Jesús responde que para los hombres es imposible, pero no para Dios. ¡Otra respuesta desconcertante! Si nosotros por nuestras fuerzas no podemos salvarnos… ¿qué nos queda hacer?

Las dos riquezas


Releamos el evangelio de hoy despacio. Meditémoslo. El joven rico llega ante Jesús con cierta arrogancia, aunque vaya de bueno. Es rico por su fortuna, pero también exhibe otro género de riqueza, que es la perfección moral de la que presume. Si este joven ha sabido reunir un patrimonio y además es un perfecto cumplidor de la ley, ¿qué le falta para salvarse? En realidad, se salva a sí mismo, no necesita a nadie más, ni siquiera a Dios. Aparentemente es perfecto y autosuficiente. Ha logrado llegar a la cima: su cuerpo está a salvo con sus bienes, su alma está salvada por su buen hacer.

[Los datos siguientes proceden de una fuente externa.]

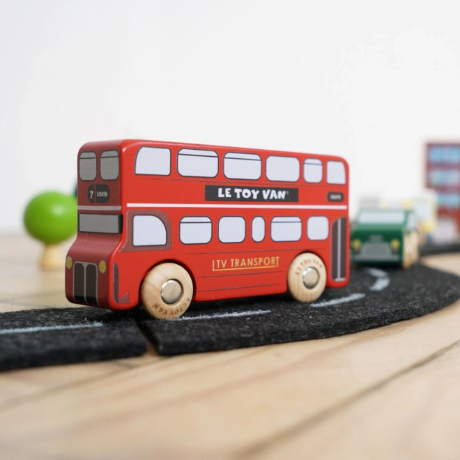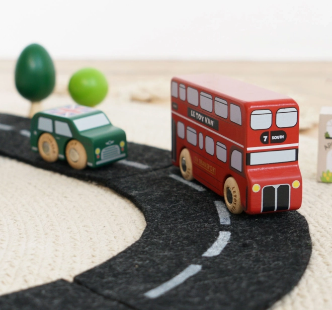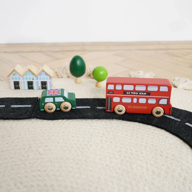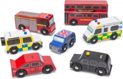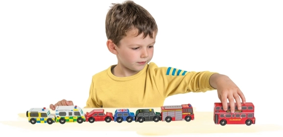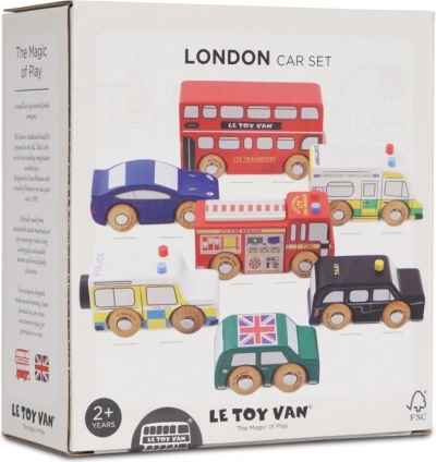 Odkrijte svet živahnih londonskih ulic s podrobno izdelanimi lesenimi vozili Le Toy Van. Komplet vključuje dvonadstropni avtobus, črni taksi, gasilski avto, reševalno vozilo, policijski avto in dva osebna avtomobila. Robustna izvedba iz trajnostnega kavčukovega lesa ter gladki robovi so idealni za male otroške roke, ki pri igri urijo prijem, koordinacijo roka–oko in domišljijo.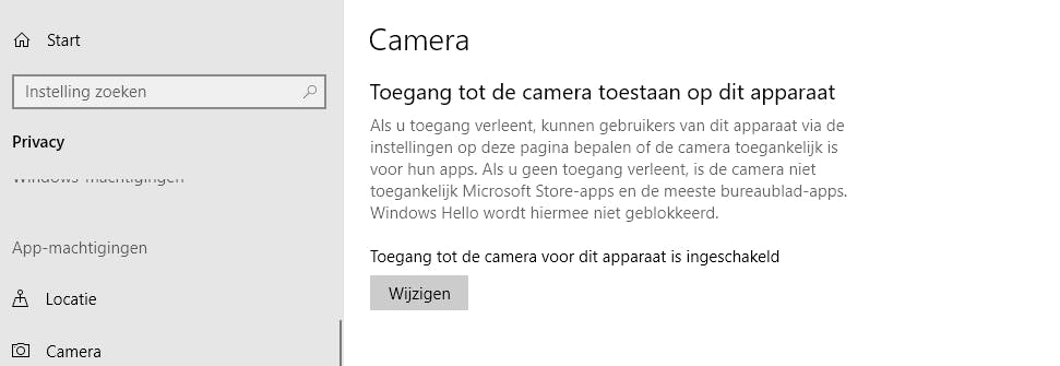 In oudere versies van Windows moest je jezelf een weg banen door actieve processen en informatie over je apparaten om na te gaan welke applicaties je via de webcam in de gaten houden. Vanaf de fameuze Windows-update 1903 zit de controle over de apps die de webcam aanspreken, vervat in de standaard privacy-instellingen. Deze nieuwe functie werkt zowel voor usb-webcams als voor camera’s die zijn ingebouwd in laptops en tablets. Je gaat naar Instellingen en vandaar naar het onderdeel Privacy. Hier zie je meteen of de toegang tot de camera überhaupt is toegestaan op dit apparaat. Wil je dat niet, dan klik je op Wijzigen zodat je de toegang kunt afsluiten.
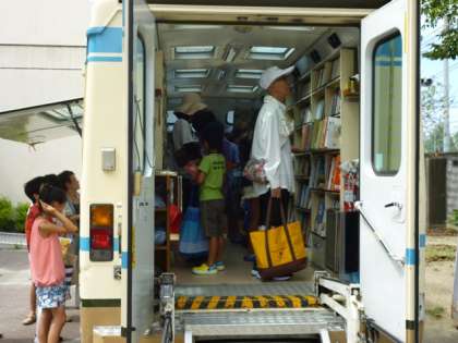 本校の体育館前に「自動車文庫」が巡回してきます。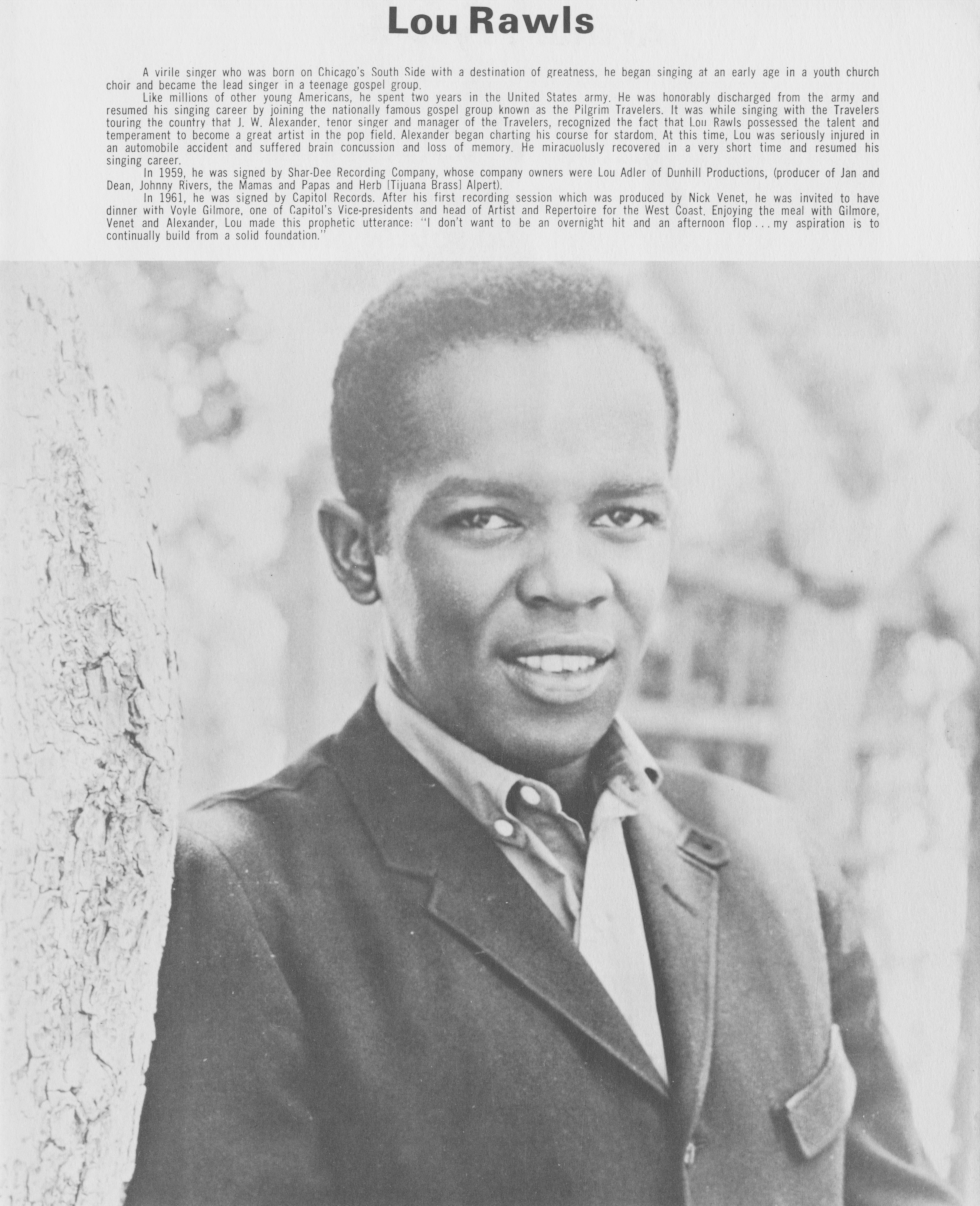 Lou RawlsLou Rawls Lou Rawls American singer (1933–2006) Louis Allen Rawls (December 1, 1933 – January 6, 2006) was an American baritone singer.[1] He released 61 albums, sold more than 40 million records,[2] and had numerous charting singles, most notably the song "You'll Never Find Another Love Like Mine". He also worked as a film, television, and voice actor. He was a three-time winner of the Best Male R&B Vocal Performance Grammy Award. Quick facts Born, Died ... Lou Rawls Rawls in 1984 Born Louis Allen Rawls (1933-12-01)December 1, 1933 Chicago, Illinois, U.S. Died January 6, 2006(2006-01-06) (aged 72) Los Angeles, California, U.S. Resting place Forest Lawn Memorial Park (Hollywood Hills) Occupations Singer record producer composer actor Years active 1941–2006 Musical… (Source: Wikipedia)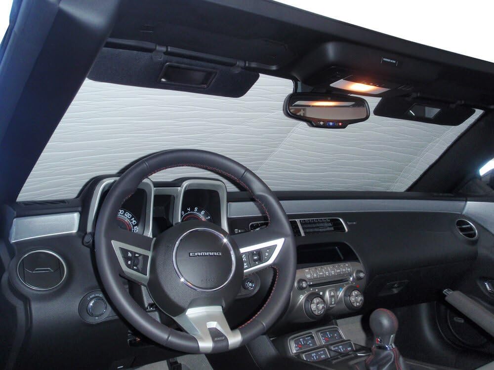 Heatshield Part #1330-G will fit a Chevrolet Camaro Convertible 2010, 2011, 2012, 2013. Heatshield Sunshades are the original custom fit sun shades for automobiles and aircraft made in the USA for over 30 years! All of our sunshades are sturdy enough to be supported by the sun visors alone, yet remain flexible enough to be bent behind the rear view mirror and roll for storage. To install, simply unroll across the dash, maneuver the Heatshield behind the rear view mirror and flip the sun visors down. For storage, simply roll it up and secure it with the attached velcro strap and put it in the back seat. The Gold Series features a metallic gold exterior with a black interior. Each Heatshield is bound with a soft polyester binding, providing a smooth edge against the headliner and dashboard. The Heatshield material has been developed to be both user friendly and robust to allow for a long useful life. Heatshield comes with a 1 year limited warranty, with proof of purchase and a 30-day money back guarantee.

Pero Jesús lo derrumba con una sola frase. Algo te falta. Te falta despegarte de tu riqueza. Véndelo todo y dalo a los pobres. ¿Seguirás siendo una persona valiosa si pierdes todo lo que tienes? ¿Qué quedará de ti cuando no tengas dinero, casas, bienes? ¿Qué es lo mejor de ti?

Y sígueme, continúa Jesús. Ven a trabajar por el Reino. Deja de ganar sólo para ti mismo y ábrete a los demás. Enrólate en la aventura de los amigos de Dios: ve al mundo a transmitir su paz y su amor. Dedícate a servir, a hacer felices a otros. ¡Entonces serás feliz tú, y estarás salvado!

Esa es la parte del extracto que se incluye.